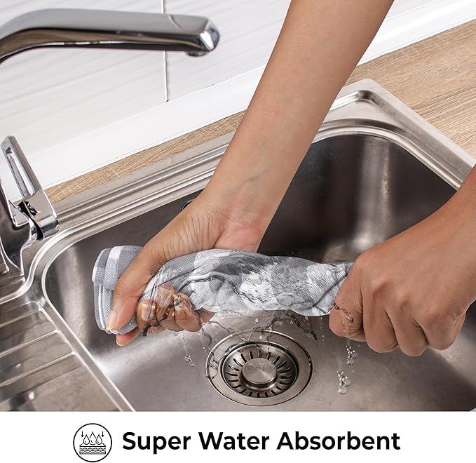 Urban Villa Kitchen Towels Set of 6 Buffalo Checks Grey/White Kitchen Towels 20X30 Inches 100% Cotton Highly Absorbent Kitchen Towels Premium Quality Ultra Soft Mitered Corners KitchenTowels
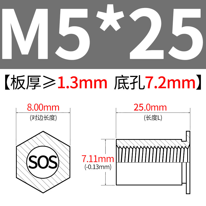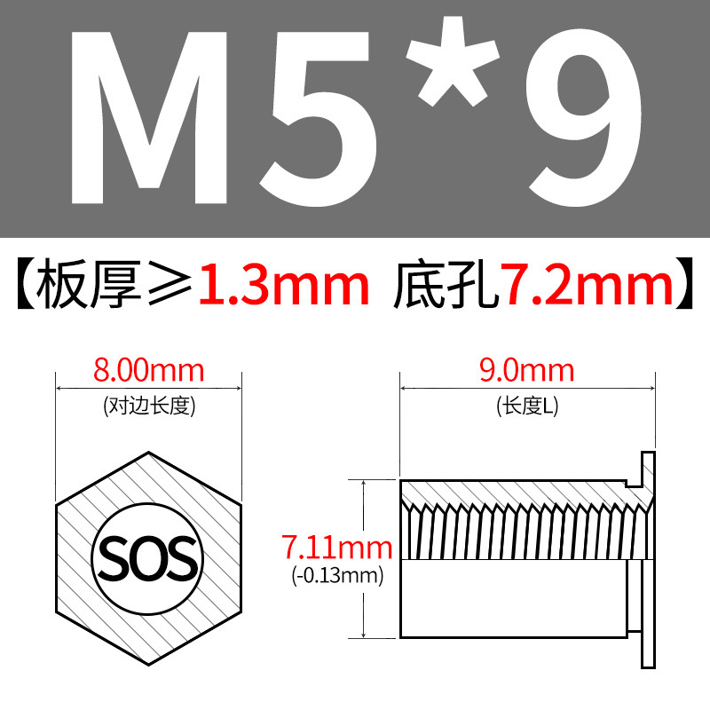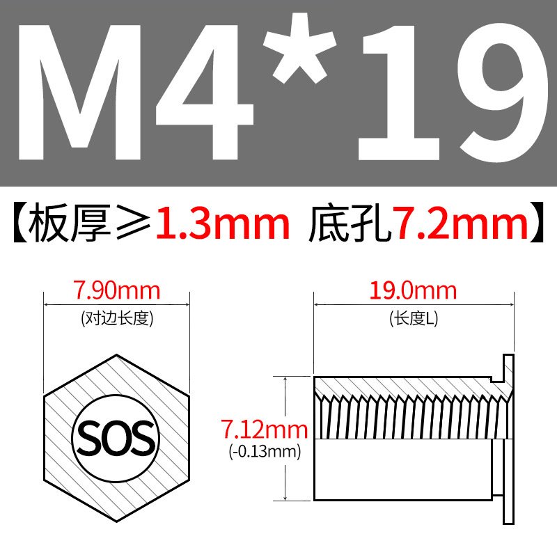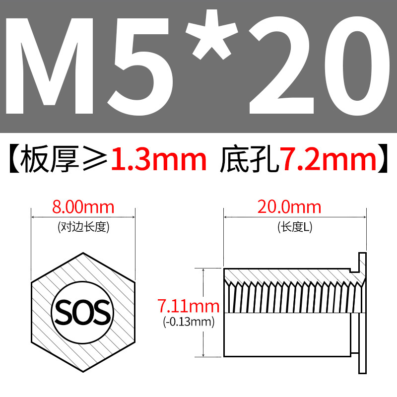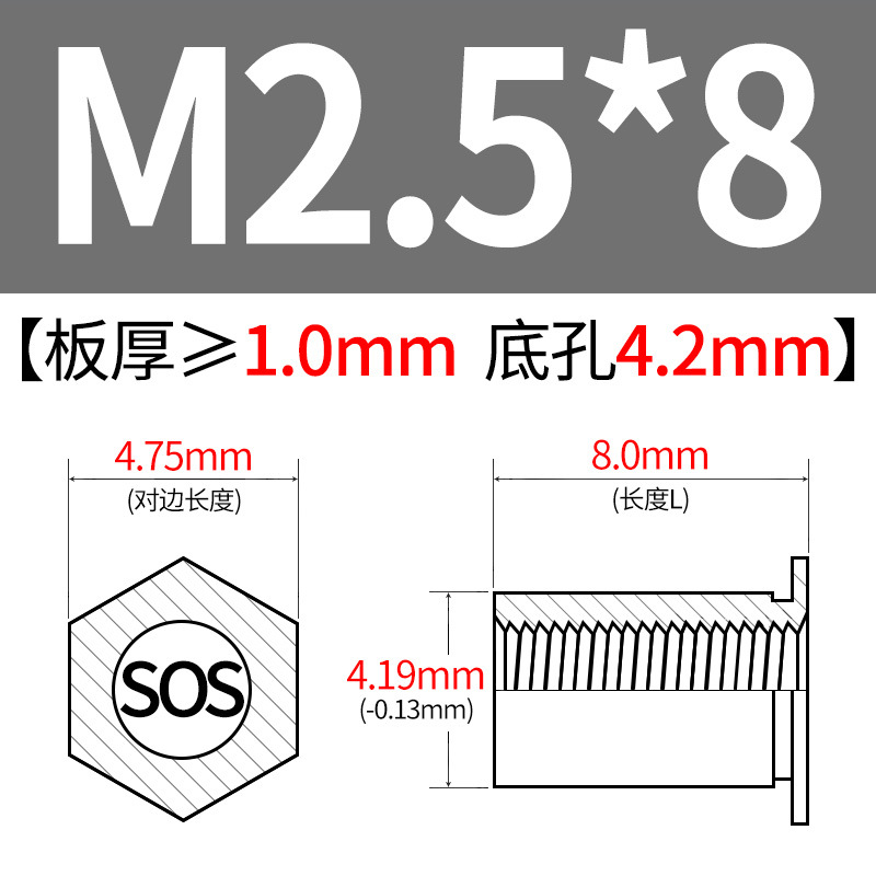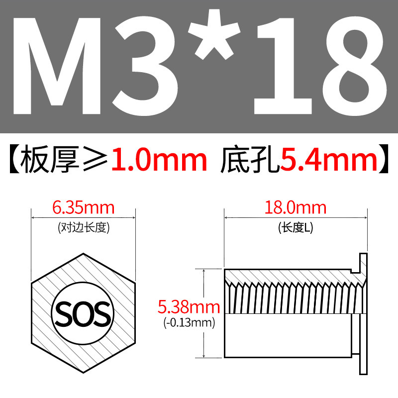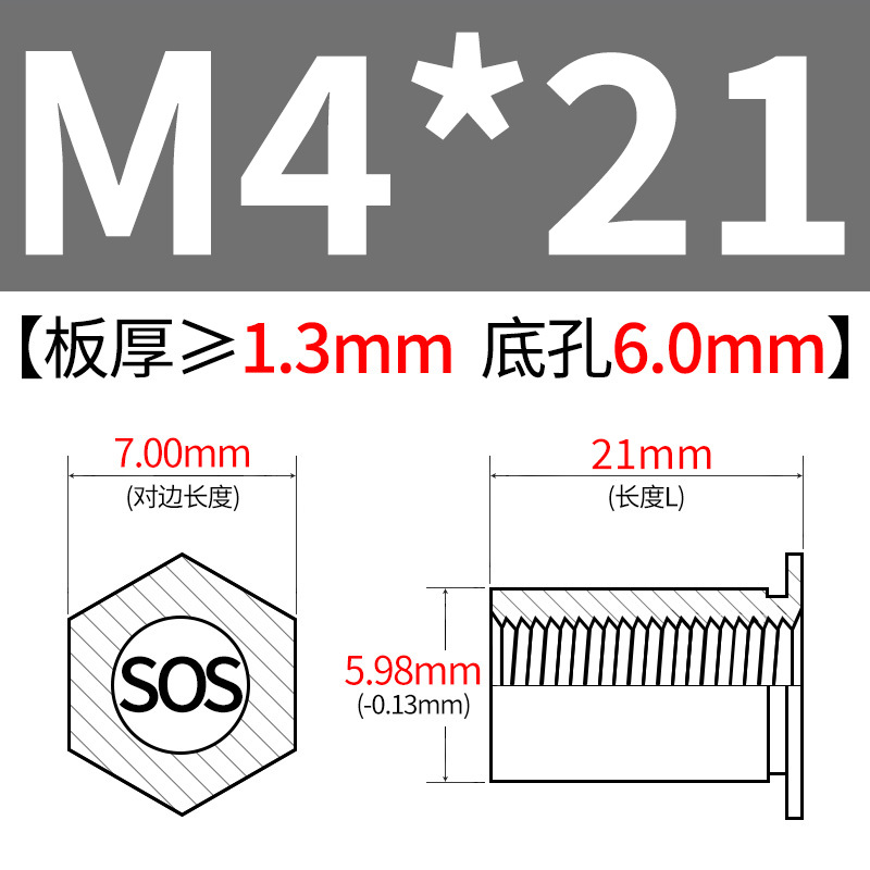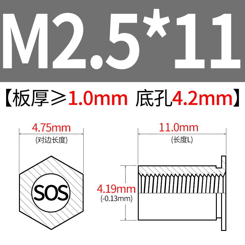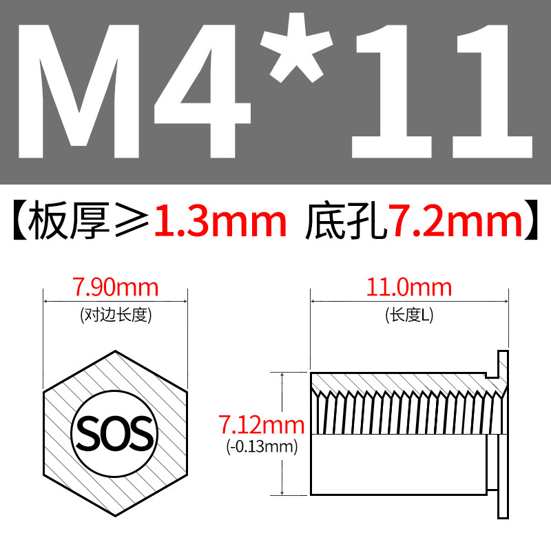 스테인레스 스틸 구멍 리벳 스터드 육각형 리벳 칼럼 리벳 너트 칼럼 압력 플레이트 SOS-M2M2.5M3M4M5M6M8스토어 가기
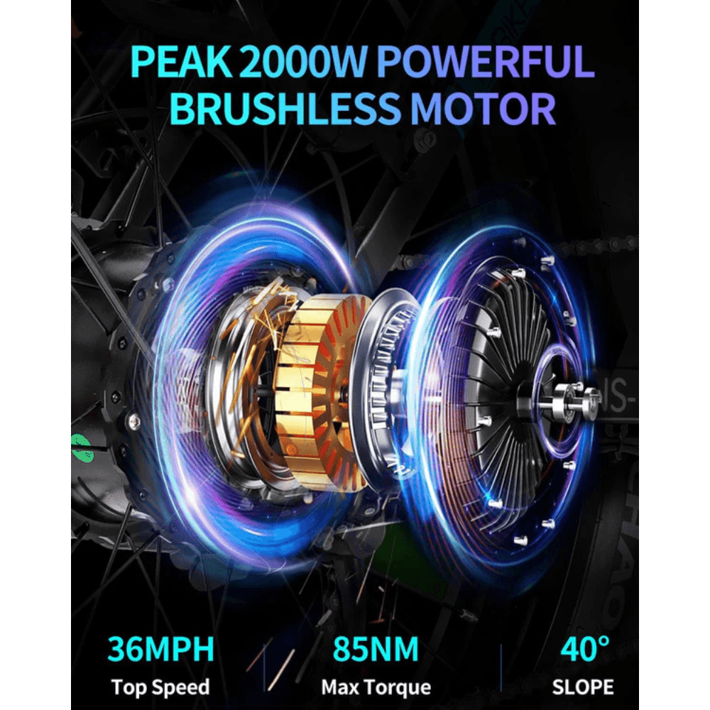 • Powerful 2000W Motor: Conquer demanding terrains with a high-torque motor that makes steep slopes (up to 45°) and rough trails feel effortless.
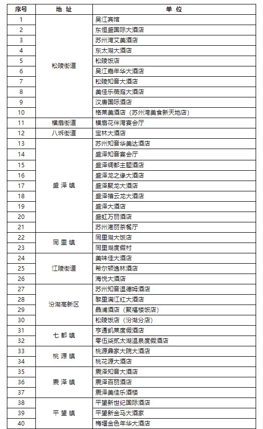 吴江首批恢复宴会预订餐饮企业名单
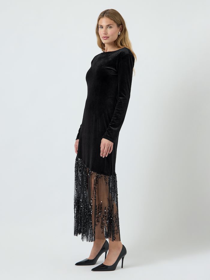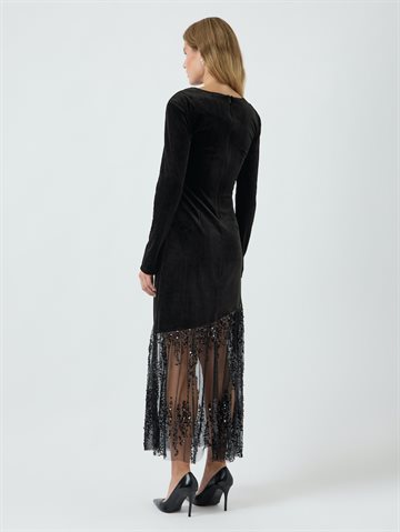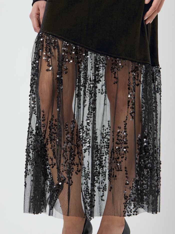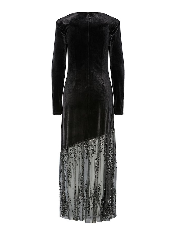 Kjolen har et sofistikeret og moderne udtryk med lange ærmer, en fløjlsagtig overdel og et transparent tylskørt dekoreret med smukke palietter.

EXERCISE GOAL: Restate all entries exactly; pictures stay out.

RESPONSE TO THIS EXERCISE:
 Urban Villa Kitchen Towels Set of 6 Buffalo Checks Grey/White Kitchen Towels 20X30 Inches 100% Cotton Highly Absorbent Kitchen Towels Premium Quality Ultra Soft Mitered Corners KitchenTowels
 스테인레스 스틸 구멍 리벳 스터드 육각형 리벳 칼럼 리벳 너트 칼럼 압력 플레이트 SOS-M2M2.5M3M4M5M6M8스토어 가기
 • Powerful 2000W Motor: Conquer demanding terrains with a high-torque motor that makes steep slopes (up to 45°) and rough trails feel effortless.
 吴江首批恢复宴会预订餐饮企业名单
 Kjolen har et sofistikeret og moderne udtryk med lange ærmer, en fløjlsagtig overdel og et transparent tylskørt dekoreret med smukke palietter.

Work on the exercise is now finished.